[Stored data entries]
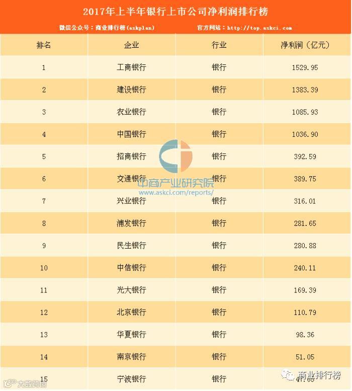 整体来看,银行行业15家上市企业中,上半年营收超千亿元的企业有6家;15家企业上半年营收均超百亿。而净利润上半年超千亿的企业有四家,依次为工商银行、建设银行、农业银行、中国银行。以下为2017年上半年银行行业上市公司净利润排名情况:
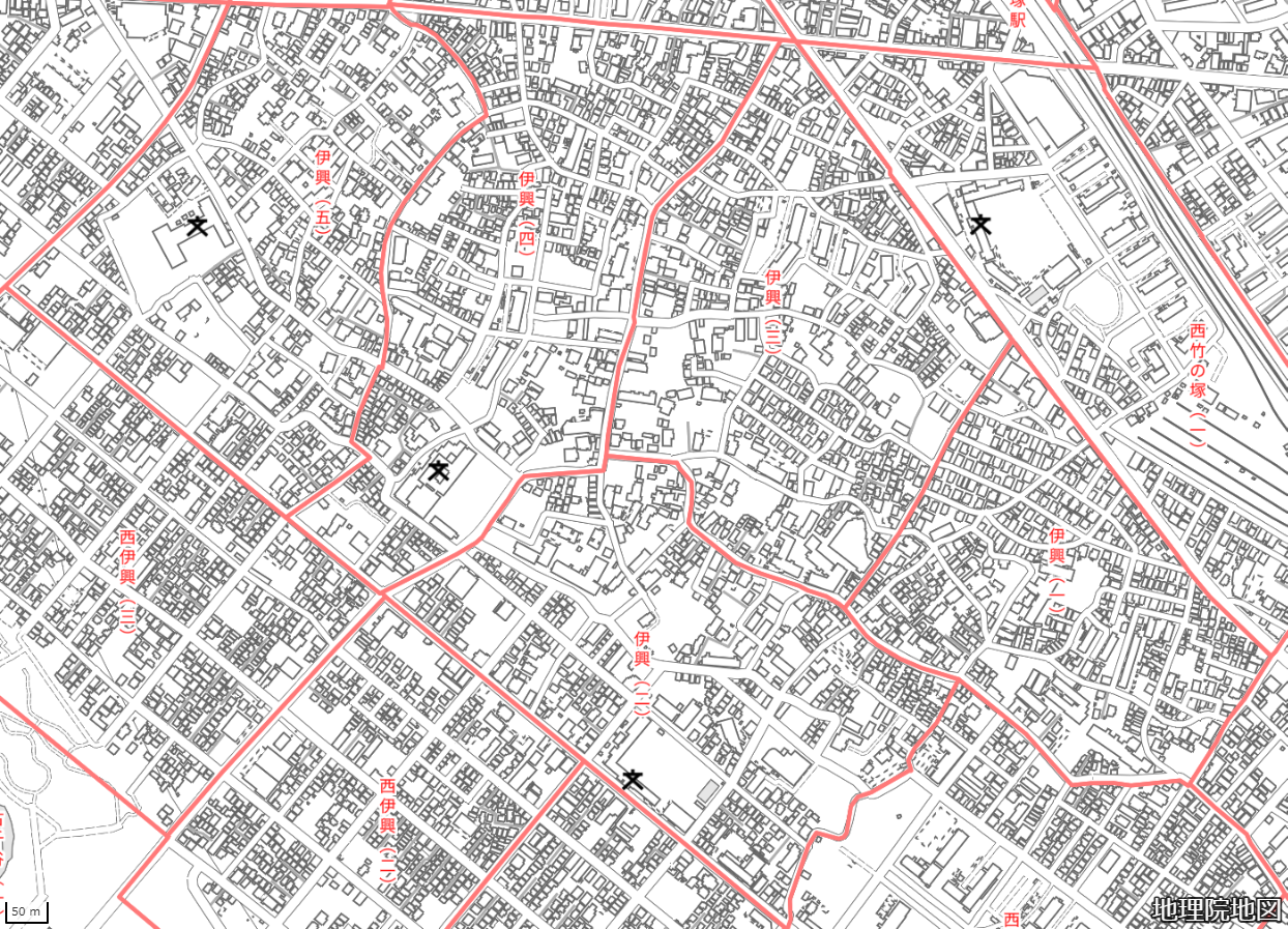 地図の内容は国土地理院が作成した時点の情報を反映しており、実際の現況とは異なる場合があります。現在は存在しない建物や道路、新たに整備された施設などが含まれることがありますので、あらかじめご了承ください。
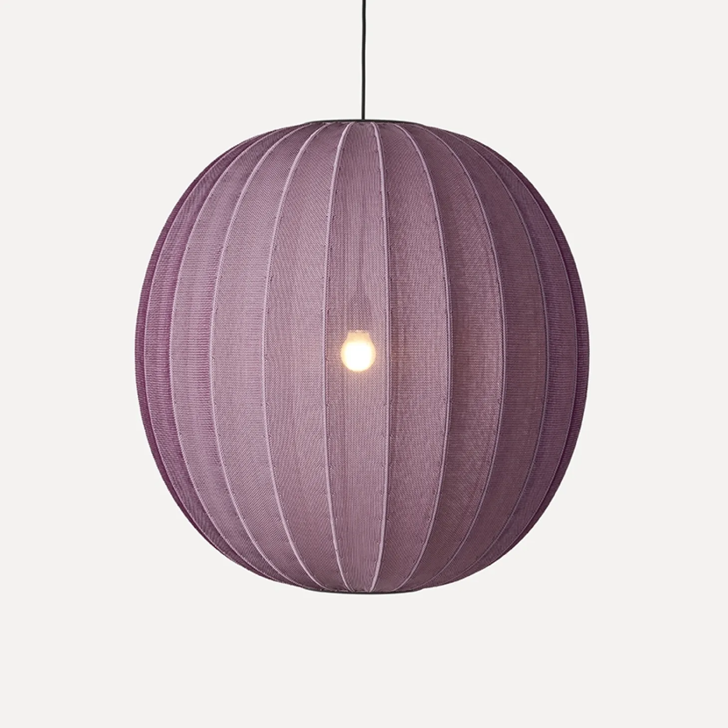 Du bemærker et særligt spil i lyset, når det filtreres gennem den strikkede struktur. Burgunderfarven tilfører et varmt udtryk til dit rum, mens den runde form sikrer en god spredning af lyset.
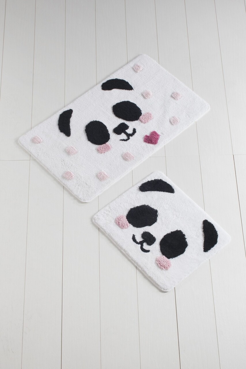 Set 2 covorase de baie, Chilai, Panda, alb/negru/roz
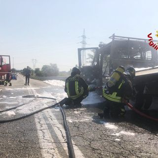 Mezzo per la manutenzione stradale in fiamme
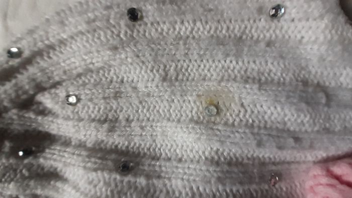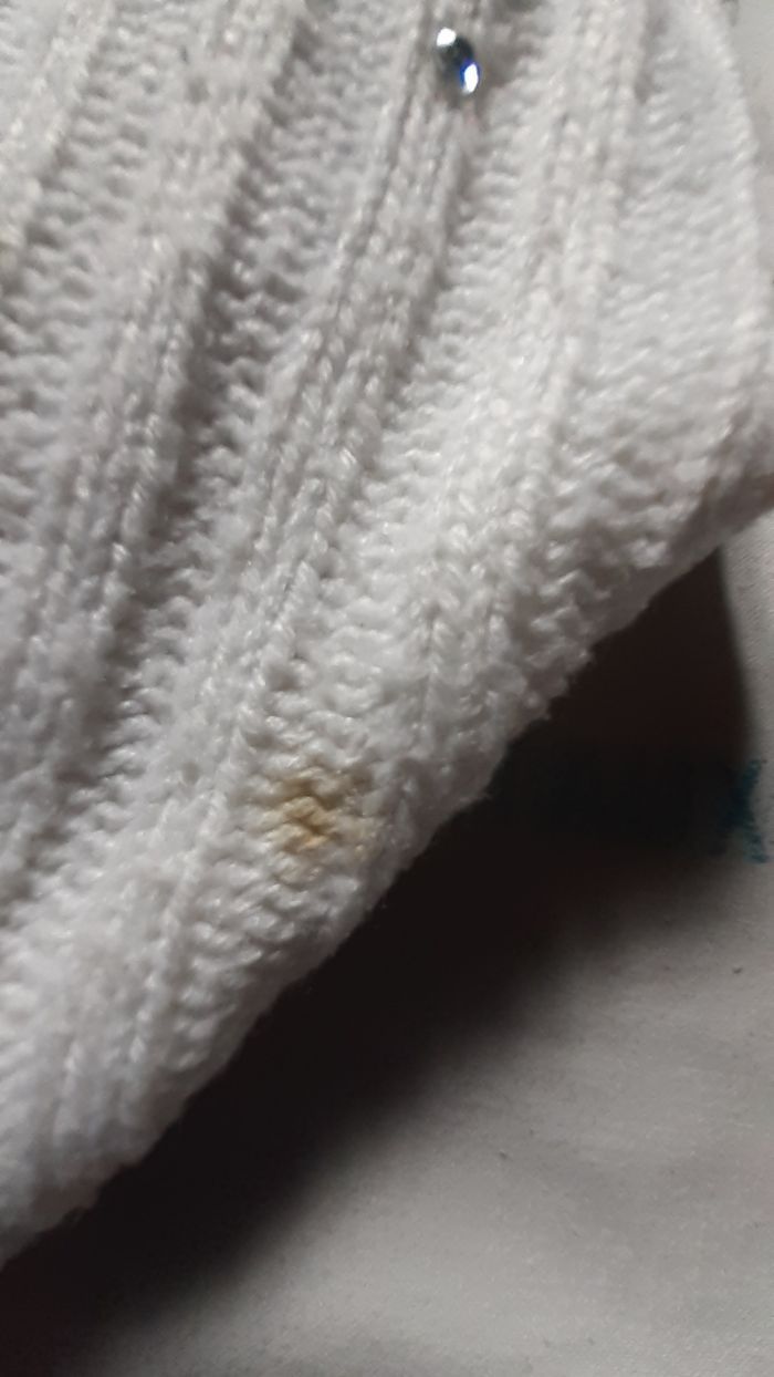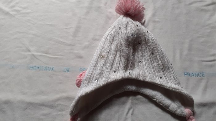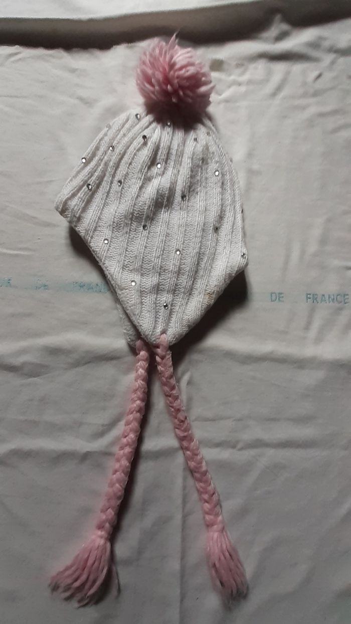 Bonnet péruvien blanc et rose chaud avec strass 5/8 ans ( taches jaunes de la colle tenant les strass)
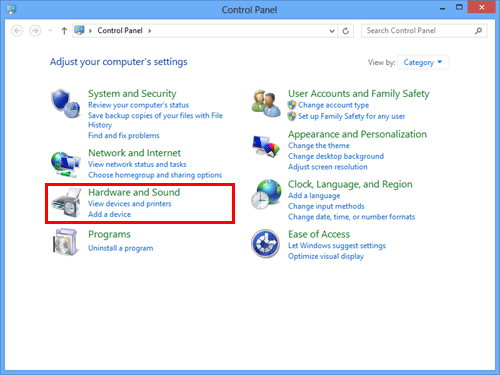Sous Windows Server 2012/Server 2012 R2, ouvrez la fenêtre Démarrer, puis cliquez sur [Panneau de configuration] - [Matériel] - [Afficher les périphériques et imprimantes].
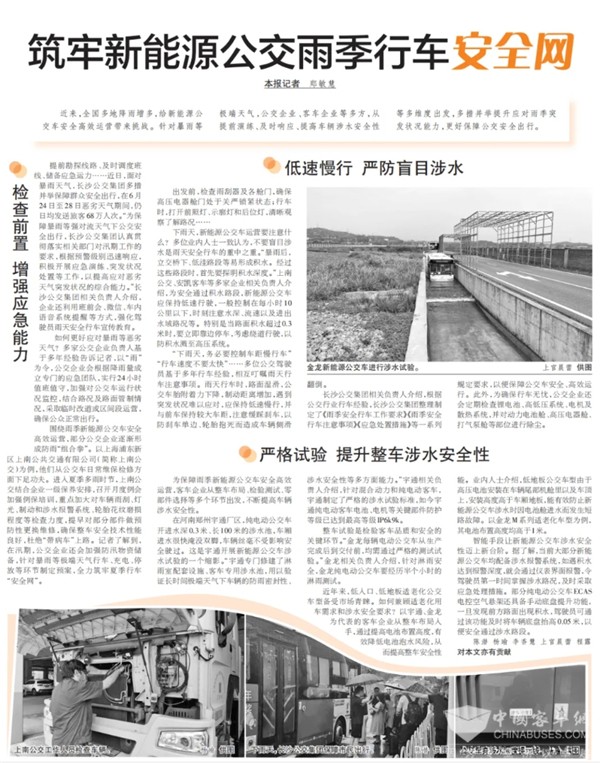 近来,全国多地降雨增多,给新能源公交车安全高效运营带来挑战。针对暴雨等极端天气,公交企业、客车企业等多方,从提前演练、及时响应、提高车辆涉水安全性等多维度出发,多措并举提升应对雨季突发状况能力,更好保障公交安全出行。
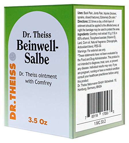 -. Binding : Health and Beauty -. Brand : Dr Dry -. EAN : 0700118170533 -. Feature : Powerful 100% Natural Joint Support* / Helps to reduce back pain and joint pain* / Manufactured for 20 years. Time-tested / Manufacture dates as well as Expiration dates indicated on the package are in European format which is DD/MM/YY. / Made In Germany -. IsAdultProduct : 0 -. Label : Dr. Theiss Naturwaren GmbH -. Manufacturer : Dr. Theiss Naturwaren GmbH -. MPN : 3 -. PackageQuantity : 1 -. PartNumber : 3 -. ProductGroup : Health and Beauty -. ProductTypeName : HEALTH_PERSONAL_CARE -. Publisher : Dr. Theiss Naturwaren GmbH -. Studio : Dr. Theiss Naturwaren GmbH -. Title : Dr. Theiss Beinwell Salbe (ointment with Comfrey and vitamine E) 100g/3.5oz -. UPC : 700118170533
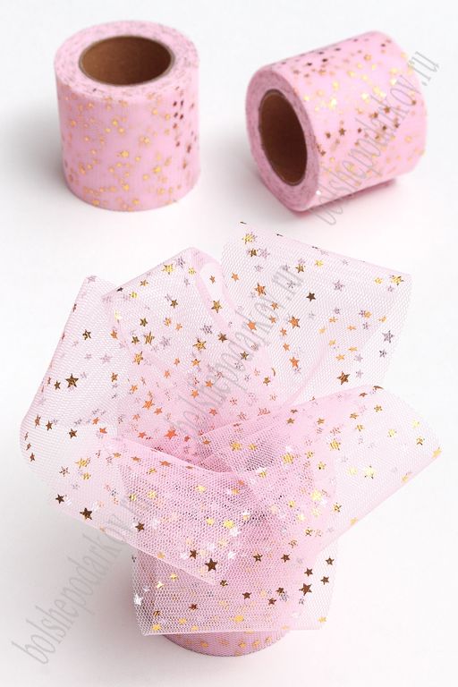 Фатин Звездочки 5,5 см*15 ярд (SF-5809) розовый/золото №26
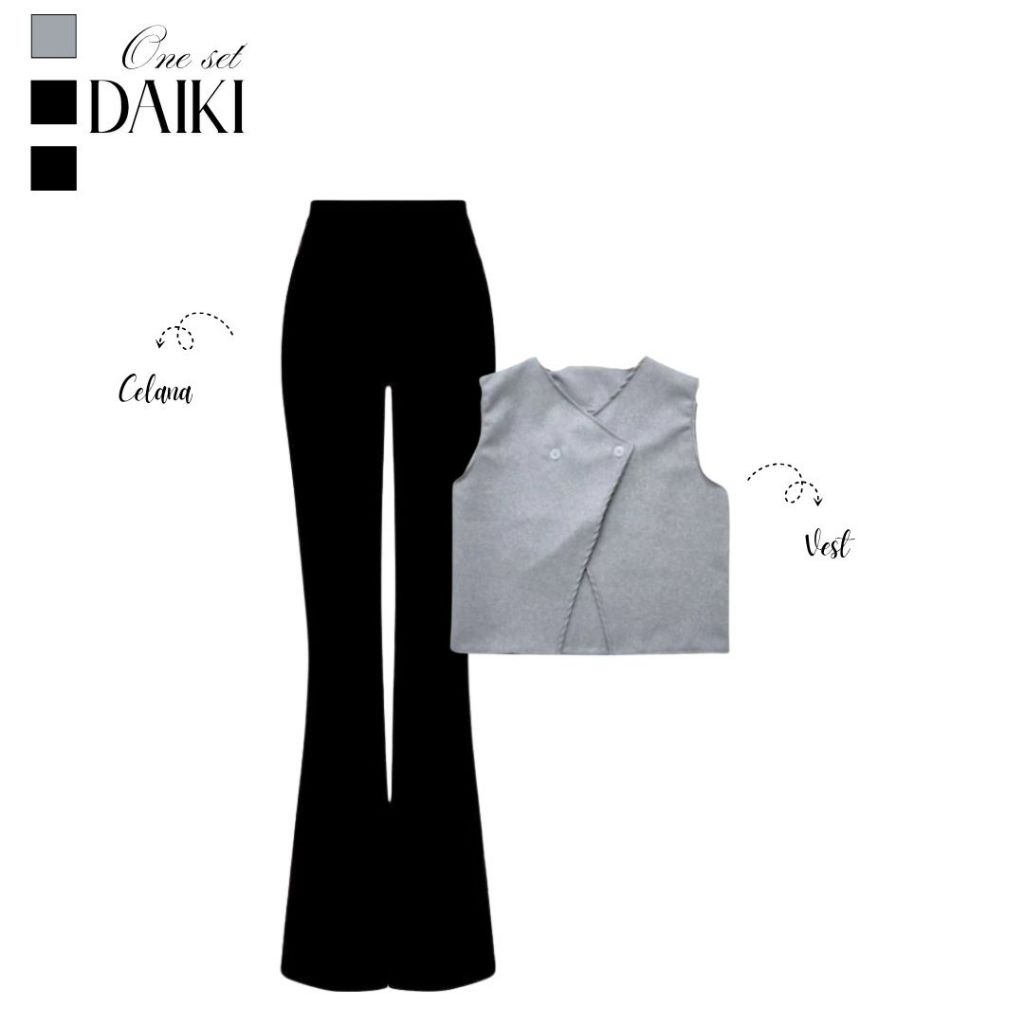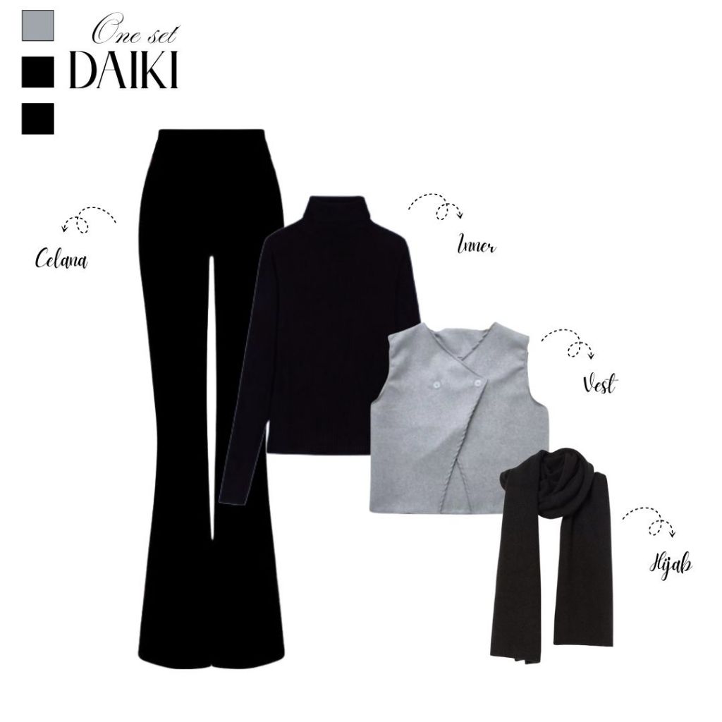 Daiki One set Wanita Casual (Manset,Vest Silang, Cutbray, Square Hijab) Setelan Ouit Kekinian Ootd

Work instruction — In the answer, give only the lines from the top of the data above through the line with "Sous Windows Server", reproduced exactly; no picture may appear.

Expected answer —
 整体来看,银行行业15家上市企业中,上半年营收超千亿元的企业有6家;15家企业上半年营收均超百亿。而净利润上半年超千亿的企业有四家,依次为工商银行、建设银行、农业银行、中国银行。以下为2017年上半年银行行业上市公司净利润排名情况:
 地図の内容は国土地理院が作成した時点の情報を反映しており、実際の現況とは異なる場合があります。現在は存在しない建物や道路、新たに整備された施設などが含まれることがありますので、あらかじめご了承ください。
 Du bemærker et særligt spil i lyset, når det filtreres gennem den strikkede struktur. Burgunderfarven tilfører et varmt udtryk til dit rum, mens den runde form sikrer en god spredning af lyset.
 Set 2 covorase de baie, Chilai, Panda, alb/negru/roz
 Mezzo per la manutenzione stradale in fiamme
 Bonnet péruvien blanc et rose chaud avec strass 5/8 ans ( taches jaunes de la colle tenant les strass)
Sous Windows Server 2012/Server 2012 R2, ouvrez la fenêtre Démarrer, puis cliquez sur [Panneau de configuration] - [Matériel] - [Afficher les périphériques et imprimantes].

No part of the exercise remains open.